Тогда солдат подошёл к остывающей маме, достал из кармана перочинный ножик, не спеша раскрыл его и срезал нашитый на куртку номер.
Он сунул этот клочок ткани в карман, и не сказал уже, а приказал:
— Убирайте с дороги!
И Алёнушка вместе с Клавой, ухватив Пелагею Матвеевну за плечи и ноги, приподняли её лёгонькое иссохшее тело и положили его на обочину.
Алёнушка плакала, Клава перекрестилась, и они пошли догонять колонну.
Первый немец так и не проронил ни слова. А второй всё повторял:
— Шнель, шнель! Надо догнать остальных!
Весь этот день маменькиной смерти Алёнушка терзала себя неутихающим укором, без конца спрашивая: почему не отдали в лагерный лазарет? И хотя все говорили, что из лазарета не выходят, а выносят, и не видели они с Клавой ещё ни одной женщины, вернувшейся в барак оттуда, никак не могла она простить себя, что не попробовали! Корила себя: да если уж и умереть, то хоть на какой-нибудь всё-таки койке, а не вот этак! Прямо на зимней дороге!
Она плакала, её трясло, и ей даже пришла мысль, что маменькина болезнь теперь перешла на неё. И поделом! Лучше бы они и умерли разом на той дороге, ведь их жизнь и не жизнь вовсе, а ничтожное существование. Какой смысл держаться за неё!
Не скрывая слёз, она в лихорадке говорила всё это Клаве, и та молча лицо её отирала, мельком, чтоб не привлечь внимания охранников, прижимала к себе, а потом яростно всаживала лопату в заледенелую землю, теперь уже собой, своим телом закрывая девочку от чужих взглядов.
Ночь после маминой смерти Алёнушка провела в жару, металась, а Клава укрывала её жалкими тряпицами и вспоминала просьбу покойной матери приглядеть за дочкой её. Вот и вступал в силу неисполнимый долг Клавдии.
Следующим утром колонна двигалась по вчерашней дороге.

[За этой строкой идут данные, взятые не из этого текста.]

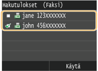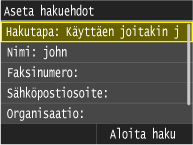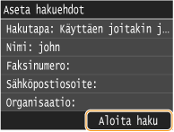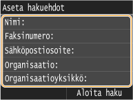 Henkilöiden nimet, faksinumerot, sähköpostiosoitteet, organisaatioiden nimet ja osastojen nimet ovat käytettävissä hakuehtoina vastaanottajia etsittäessä. Voit määrittää useita hakuehtoja samalla kerralla.

Всю ночь валил снег, сухой, мелкий, нерусский какой-то, и дорогу перемело, не говоря уж про само поле: выровненное ветром, внешне скользкое, оно походило на огромную, без краёв, льдину.
Когда миновали место, где вчера положили маму, Алёнушка, смаргивая слёзы, глядела во все глаза, но так и не увидела даже холмика. Всё поглотил оледенелый снег.
Клава взяла её за руку. Утешила, как могла.
— Скажи, девочка, слава Богу! Спрятана маменька твоя на земле, а не в печи спалена.
Они шли и плакали, а женщины, шагавшие рядом, не плакали — то ли не было сил, то ли берегли они свою последнюю энергию, чтобы не рухнуть вот так, посреди дороги, как рухнула вчера одна из них.
Не успели они приступить к работе в тот день, как за Алёнушкой пришёл немец. Тот самый, высокий. Сказал ей спокойно и вежливо:
— Следуйте за мной.
Клава заметалась было, но Алёнушка безразлично выполнила приказ. Передала ей свою лопату, чтоб не пропала, и двинулась за охранником.
Клавдия охнула, глядя на то шествие: длинный верзила с автоматом, а за ним, ровно вполовину меньше, крохотная фигурка не то девочки, не то старухи. Она будто охом своим какую-то команду подала, эта надёжная Клава: все на секундочку, да останавливались, переставали рыть землю, глядели на немца и Алёнушку, которые шли не быстро и не медленно, но на виду у всех.
В фанерном строении немец сказал ей, что надо подписать бумагу о смерти маменьки, и она, не очень вдаваясь, что-то подписала. Потом он зачем-то сказал, что это необязательно, ведь у каждого на груди свой номер, а в книге записей есть все нужные сведения. Но если необязательно, мучительно ещё подумала она, тогда зачем сюда завёл?
Немец внимательно на неё поглядывал. Алёнушка не обращала внимания: вся душа её ещё рыдала, всё тело тряслось от мысли, что маменьки нет. И никого теперь перед ней нет.